Dennoch beharren viele Menschen auf diesen Begriffen und dieser doch ziemlich willkürlichen Einteilung, die rein gar nichts mit der individuellen Person zu tun hat, und wirklich nichts über individuelle Talente, Leistungsfähigkeit oder sonstiges aussagt.
Erschwerend hinzukommt, dass vieles was heute vor Allem im deutschen Sprachraum die Etikette „Gender“ aufgedrückt bekommt hat, meint eigentlich „Sex“. Das beste Beispiel liefert wohl die medizinische Forschung: „Gender-Medizin“ beschäftigt sich z.B. mit Krankheiten die bei Männern und Frauen unterschiedlich häufig oder ausgebildet sind, und Therapien deren Wirkung sich bei Männern und Frauen unterscheidet. Dabei liegt der Fokus aber eigentlich immer auf physiologischen Aspekten: Frauen erkranken nicht so häufig wie Männer an Herz-Gefäß-Erkrankungen, zumindest bis sie die Menopause erreichen, da Östrogen eine Schutzwirkung gegen Gefäßverkalkung bietet. Mit Abfall des Östrogenspiegels sind Frauen ab Ende 50 mehr und mehr gefährdet und die Morbidität gleich sich an. Ebenso ist heutzutage bekannt dass es bei Männern und Frauen unterschiedliche pharmakologische Effekte bei ein und demselben Medikament geben kann.

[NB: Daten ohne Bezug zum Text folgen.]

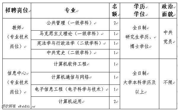 根據(jù)工作需要,按照《事業(yè)單位人事管理?xiàng)l例》(國務(wù)院令第652號)、《海南省事業(yè)單位公開招聘人員實(shí)施辦法》(瓊?cè)松绨l(fā)〔2011〕100號)等有關(guān)規(guī)定,我校擬公開招聘專業(yè)技術(shù)人員10名。

Das hat aber nichts mit der Geschlechterrolle – dem sozialen Geschlecht der Frau – zu tun, sondern mit Eigenheiten des (biologisch) weiblichen bzw. männlichen Körpers. Es ist also eigentlich „Sex-specific medicine“ und nicht Gender-Medizin. „Gender-Medizin“ – so hat ein Dozent in einer Vorlesung mal zu uns Studenten gesagt – das ist, wenn in Afrika ein Großteil der an Flussblindheit erkrankten Menschen Frauen sind. Flussblindheit wird so genannt weil sie durch Infektion mit einem Parasiten verursacht wird, dessen Überträger sich in der Nähe von Gewässern aufhalten. Und es sind schlichtweg größtenteils die Frauen die zum Wäsche waschen oder Wasser holen zum Fluss gehen – die Infektion betrifft sie wegen ihrer Geschlechterrolle, nicht weil sie aufgrund ihres physiologischen Geschlechts anfälliger wären.